Based on Tim's answer, I personally would use something similar to BiBOP.
The basic idea is simple: use fixed-sized pools.
There are some clarifications.
Firstly, the size of the pools is usually fixed. It depends on your distribution procedure, as a rule, if you know which OS you are running on the card at least 4 KB at the same time, when you use malloc, then you use this value. For a memory mapped file, you can enlarge it.
The advantage of fixed-size pools is that it fights fragmentation very well. All pages are the same size, you can easily recycle a blank page with 256 bytes per 128-byte page.
There is still fragmentation for large objects that are usually allocated outside this system. But this is low, especially if you put large objects in several page sizes, so that the memory will be easily recyclable.
Secondly, how to handle pools? Using linked lists.
Pages are usually untyped (by themselves), so you have a free list of pages for preparing new pages and placing "recycled" pages.
For each size category, you have a list of "busy" pages in which memory is allocated. For each page you save:
- placement size (for this page)
- number of selected objects (for checking emptiness)

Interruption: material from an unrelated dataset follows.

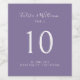 Chic and elegant wedding wine label for use as a table number, features a contemporary set of ivory fonts, against a voilet lavender background. The design embues modern elegance in a minimalist style, matching other items in the full wedding suite.

- pointer to the first free cell
- pointer to the previous and next page (may point to the "head" of the list)
Each free cell in itself is a pointer (or index, depending on your size) with the next free cell.
The list of "busy" pages of a given size is managed simply:
- when deleting: if you clear the page, remove it from the list and drag it to the processed pages, otherwise update the list of free cells of this page (note: finding the beginning of the current page is usually a simple module operation at the address)
- on insertion: search starting from the chapter, as soon as you find the page is incomplete, move it in front of the list (if it is not already specified) and insert your element
This layout is really memory efficient, and only one page is for indexing.
For applications with multi-threaded / multi-processor processes, you will need to add synchronization (usually a mutex per page) if you can get inspiration from Google tcmalloc (try to find another page instead of blocking, use the -local cache stream to remember which page you used last time).
Having said that, have you tried Boost.Interprocess? It provides dispensers.